» **Material provided**
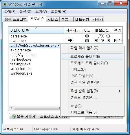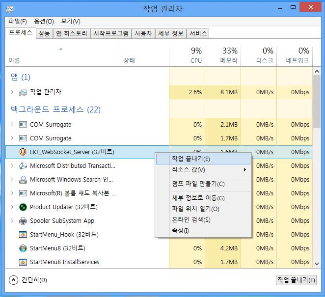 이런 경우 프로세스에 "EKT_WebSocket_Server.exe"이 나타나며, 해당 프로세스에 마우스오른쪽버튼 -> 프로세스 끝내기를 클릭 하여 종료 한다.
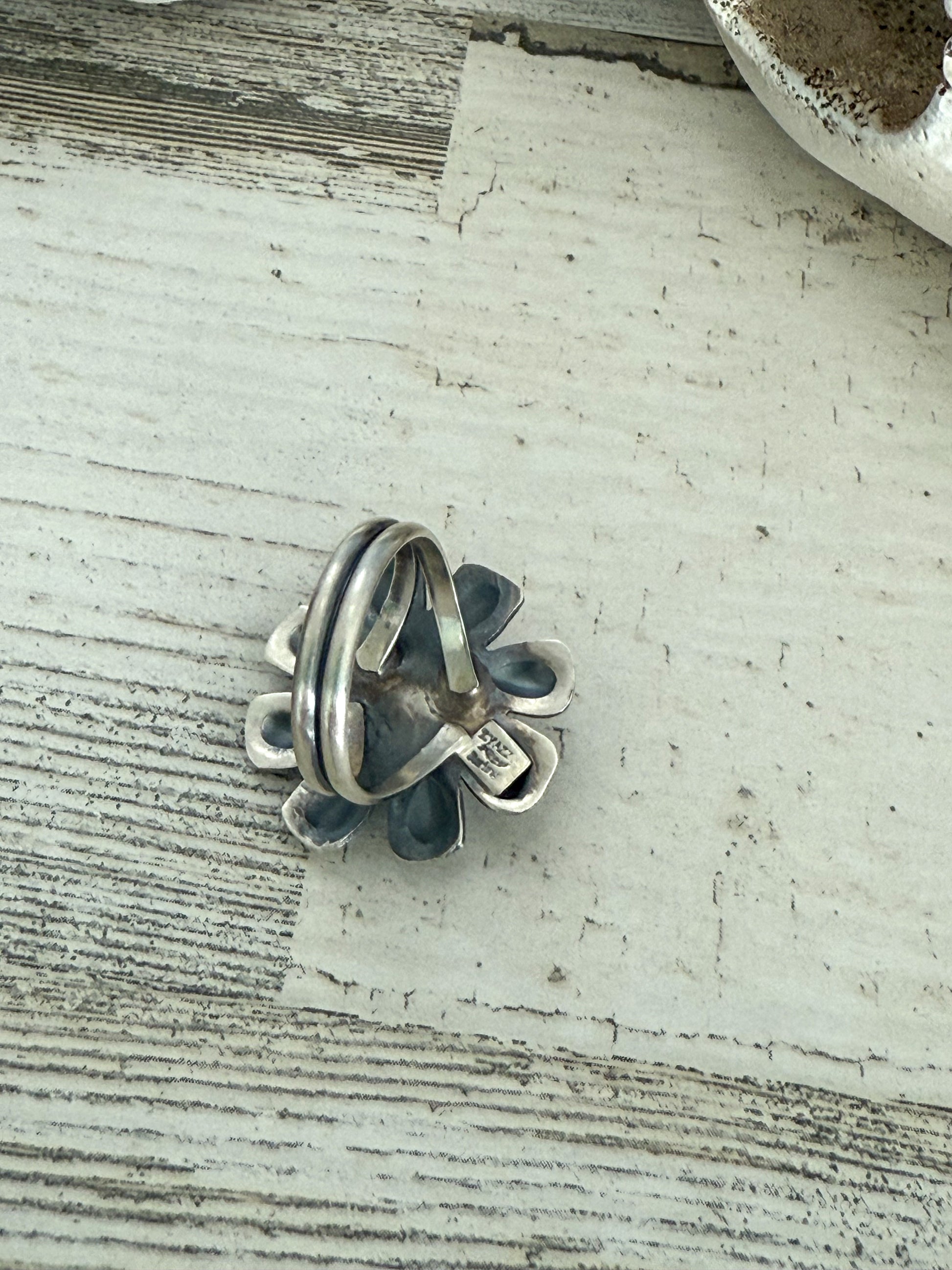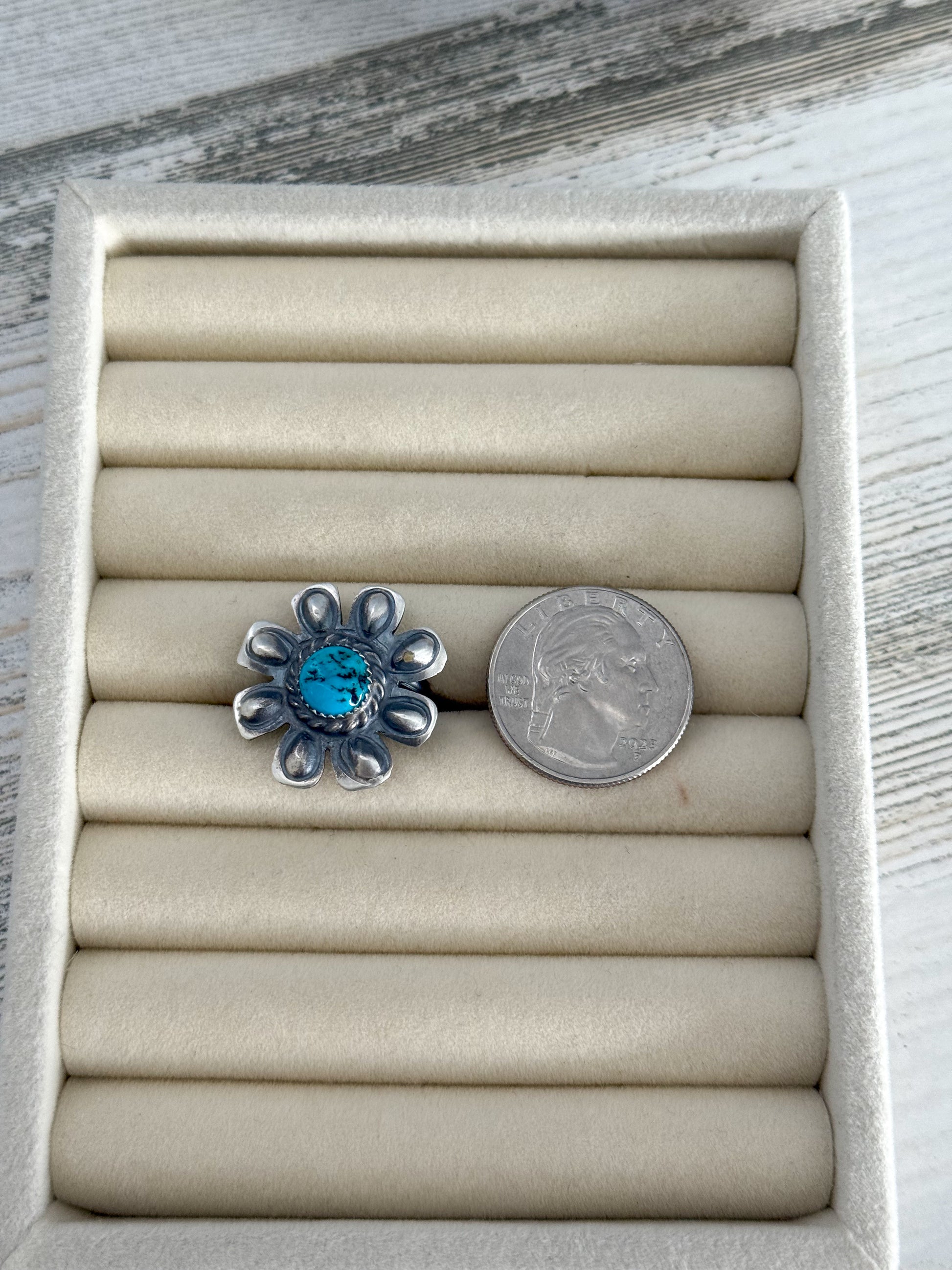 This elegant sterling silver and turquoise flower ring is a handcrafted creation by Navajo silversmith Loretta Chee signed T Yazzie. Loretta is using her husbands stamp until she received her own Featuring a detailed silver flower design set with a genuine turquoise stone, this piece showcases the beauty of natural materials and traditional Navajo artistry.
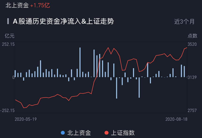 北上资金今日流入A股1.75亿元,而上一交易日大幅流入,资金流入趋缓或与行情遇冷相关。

» **Work order**
Without the pictures, transcribe the listing exactly as it stands.

» **Reply**
 이런 경우 프로세스에 "EKT_WebSocket_Server.exe"이 나타나며, 해당 프로세스에 마우스오른쪽버튼 -> 프로세스 끝내기를 클릭 하여 종료 한다.
 This elegant sterling silver and turquoise flower ring is a handcrafted creation by Navajo silversmith Loretta Chee signed T Yazzie. Loretta is using her husbands stamp until she received her own Featuring a detailed silver flower design set with a genuine turquoise stone, this piece showcases the beauty of natural materials and traditional Navajo artistry.
 北上资金今日流入A股1.75亿元,而上一交易日大幅流入,资金流入趋缓或与行情遇冷相关。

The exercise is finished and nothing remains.